▸ **Exercise goal**: Print the listing in full, with no character changed.

▸ **Dataset content**:
Start of Block

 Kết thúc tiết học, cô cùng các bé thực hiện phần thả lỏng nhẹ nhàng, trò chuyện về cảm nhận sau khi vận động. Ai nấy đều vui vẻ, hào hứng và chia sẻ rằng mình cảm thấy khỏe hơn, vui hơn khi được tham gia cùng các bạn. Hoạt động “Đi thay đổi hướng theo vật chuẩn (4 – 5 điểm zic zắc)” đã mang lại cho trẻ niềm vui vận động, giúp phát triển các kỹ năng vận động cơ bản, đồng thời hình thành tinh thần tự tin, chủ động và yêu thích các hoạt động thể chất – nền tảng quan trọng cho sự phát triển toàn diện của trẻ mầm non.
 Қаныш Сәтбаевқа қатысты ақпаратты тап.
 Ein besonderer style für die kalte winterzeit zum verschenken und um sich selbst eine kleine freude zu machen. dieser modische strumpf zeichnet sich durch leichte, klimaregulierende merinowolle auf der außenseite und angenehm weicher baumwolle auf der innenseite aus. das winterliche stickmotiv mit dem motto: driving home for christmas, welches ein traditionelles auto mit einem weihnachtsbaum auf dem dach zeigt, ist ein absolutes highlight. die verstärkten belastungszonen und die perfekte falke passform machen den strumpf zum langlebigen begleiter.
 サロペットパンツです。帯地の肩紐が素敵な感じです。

End of Block

▸ **Exercise output**:
 Kết thúc tiết học, cô cùng các bé thực hiện phần thả lỏng nhẹ nhàng, trò chuyện về cảm nhận sau khi vận động. Ai nấy đều vui vẻ, hào hứng và chia sẻ rằng mình cảm thấy khỏe hơn, vui hơn khi được tham gia cùng các bạn. Hoạt động “Đi thay đổi hướng theo vật chuẩn (4 – 5 điểm zic zắc)” đã mang lại cho trẻ niềm vui vận động, giúp phát triển các kỹ năng vận động cơ bản, đồng thời hình thành tinh thần tự tin, chủ động và yêu thích các hoạt động thể chất – nền tảng quan trọng cho sự phát triển toàn diện của trẻ mầm non.
 Қаныш Сәтбаевқа қатысты ақпаратты тап.
 Ein besonderer style für die kalte winterzeit zum verschenken und um sich selbst eine kleine freude zu machen. dieser modische strumpf zeichnet sich durch leichte, klimaregulierende merinowolle auf der außenseite und angenehm weicher baumwolle auf der innenseite aus. das winterliche stickmotiv mit dem motto: driving home for christmas, welches ein traditionelles auto mit einem weihnachtsbaum auf dem dach zeigt, ist ein absolutes highlight. die verstärkten belastungszonen und die perfekte falke passform machen den strumpf zum langlebigen begleiter.
 サロペットパンツです。帯地の肩紐が素敵な感じです。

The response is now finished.